After our November 1 Playtest Day, Week 10 focused on turning real user feedback into concrete design and technical changes. It also became the week where we rethought our third mini-game and made an important decision about how closely in-game actions should map to real-world physical therapy exercises.
Key Takeaways From Playtest Day
Players reacted positively to the core idea—many said they felt “tricked into exercising”—and therapists appreciated the overall structure of the PT interface. At the same time, several recurring issues emerged:
- Tracking and connectivity instability, especially on the right shoe
- Unclear pacing and round structure in the Reactive Stepping game
- A few SFX that felt too harsh
- Color-only cues that were easy to miss
- In the Heel Raise game, the “new item” in the scene was sometimes too subtle
These findings set the priorities for this week’s iteration work.
Updates to Existing Prototypes
Reactive Stepping
To make rounds easier to understand and more stable:
- Added a Start button, countdown, and time-left display
- Rebalanced animal spawns
- Softened SFX and added a mute option
- Tightened movement validation to block toe-raise exploits
- Introduced a visible shoe-connection indicator and a one-tap reset/reconnect
Heel Raise
To better support the cognitive “spot the difference” task:
- Increased new-item visibility (outline/flash/brightness)
- Paired color cues with shape/text indicators
- Adjusted timing so players can comfortably search while holding the heel raise
System & PT Interface
On the system side we:
- Continued shaping a two-layer PT interface: Simple (Easy/Medium/Hard presets) and Advanced (a small set of parameters such as stimulus frequency, directionality, step distance, and hold duration)

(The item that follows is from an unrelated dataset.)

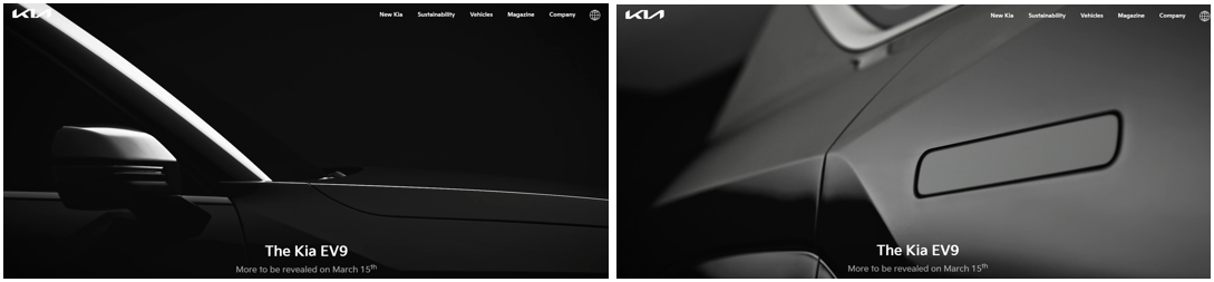 2일, 기아는 국내 최초 플래그십 전기 SUV 'The Kia EV9'(이하 EV9)의 티저 이미지와 영상을 공개했다. EV9은 기아가 ’ 21년 출시한 EV6에 이은 전기차 전용 플랫폼 E-GMP 기반 두 번째 전용 전동화 모델로, 전동화와 지속가능한 브랜드로의 변화를 이끌 플래그십 SUV다.

- Began exploring clearer live visuals like expected vs. actual movement and simple trend views rather than dense data tables
- Worked with Conrad on improving Unity client stability and websocket reliability through longer streaming tests and better handling of timeouts
Rethinking the Third Mini-Game
Playtest results and ongoing hardware constraints also led us to re-evaluate our tandem-walking “narrow bridge” game. We discovered that:
- Certain tandem-walking patterns are difficult for the current shoe hardware to detect reliably
- When we try to fully 1:1 map complex PT movements into game mechanics, we often face a trade-off:
- Either the game is not very fun, or
- The shoe cannot sense the movement precisely enough, which creates frustration similar to our early Reactive Stepping experiments
Because of this, we decided to retire the tandem-walking bridge game and explore a new direction for the third mini-game.

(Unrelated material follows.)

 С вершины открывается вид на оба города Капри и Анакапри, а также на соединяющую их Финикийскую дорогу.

We are now pursuing two design paths:
- Abstraction Layer on Top of PT Exercises
Use the inherently repetitive nature of PT exercises to drive progress bars or meters, and map those to a separate layer of gameplay. Our first prototype in this space is a mini-golf concept, where consistent, high-quality reps fill a meter that controls power and outcomes in the golf scene, instead of trying to literally move the avatar with every step. - Feedback-Only Motivation
Explore how far visual, audio, and haptic feedback alone can go in motivating players, without adding a full game loop on top. The question is: how much “game” is actually necessary to keep people engaged in rehab?

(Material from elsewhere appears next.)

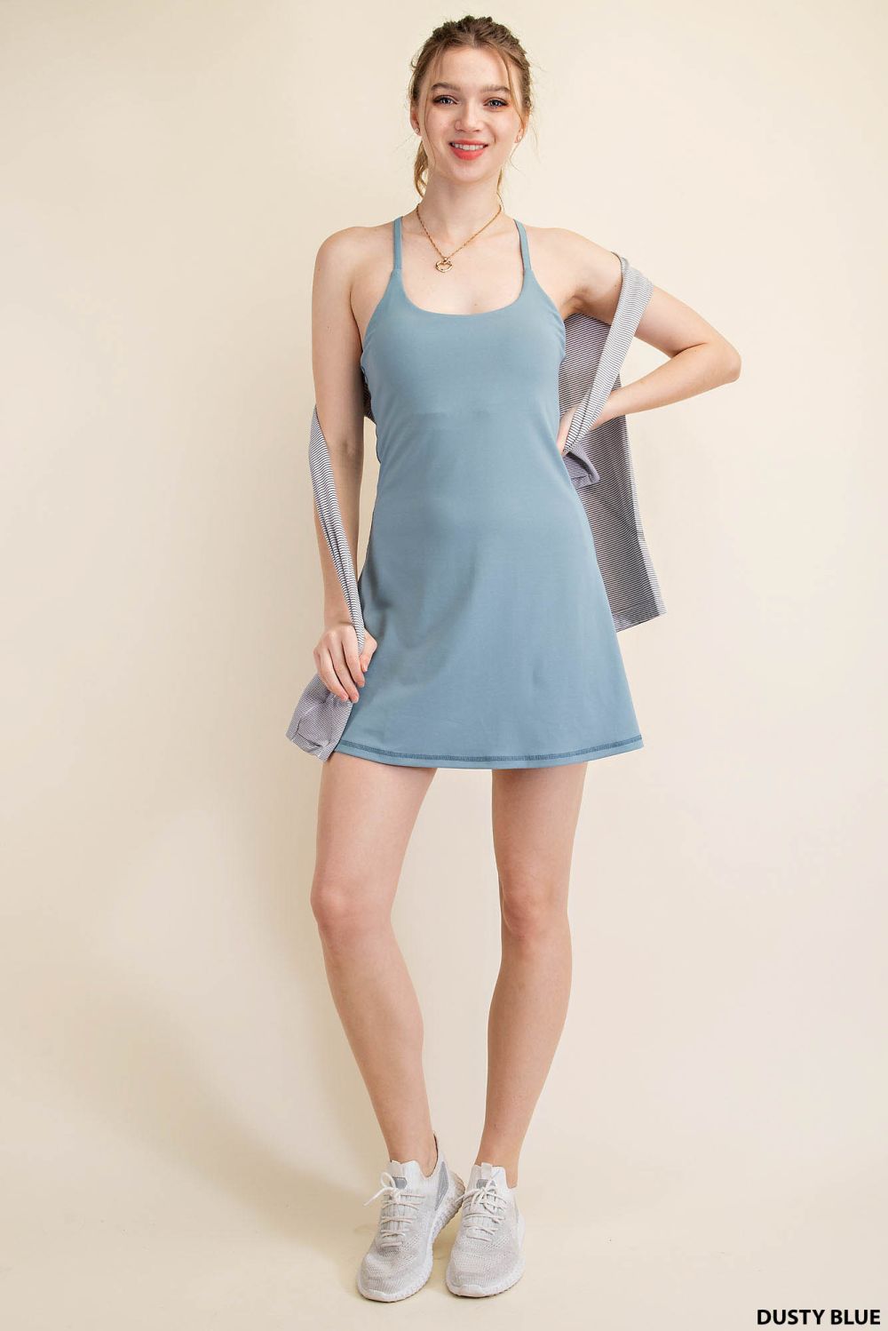 Sport Dress with stretchy athletic fabric with attached shorts leggings.

In our Week 10 meeting, Conrad was particularly excited about the first direction and encouraged us to push the abstraction-layer approach further. He agreed that the second idea is valuable but noted that it is large enough to become its own semester-long research project, so he recommended we not pursue it fully within this course.
Playtest Day Photos

Playtesters enjoying their time.
Looking Ahead
Going into Week 11, our goals are to:
- Further stabilize shoe connectivity and right-foot tracking
- Refine the PT interface presets and visuals
- Build out the mini-golf abstraction prototype for the new third mini-game
- Prepare updated builds for follow-up testing with therapists
Week 10 was a turning point: we not only improved what we already had, but also clarified how ReNUSHU should balance real PT movement, hardware constraints, and playful abstraction.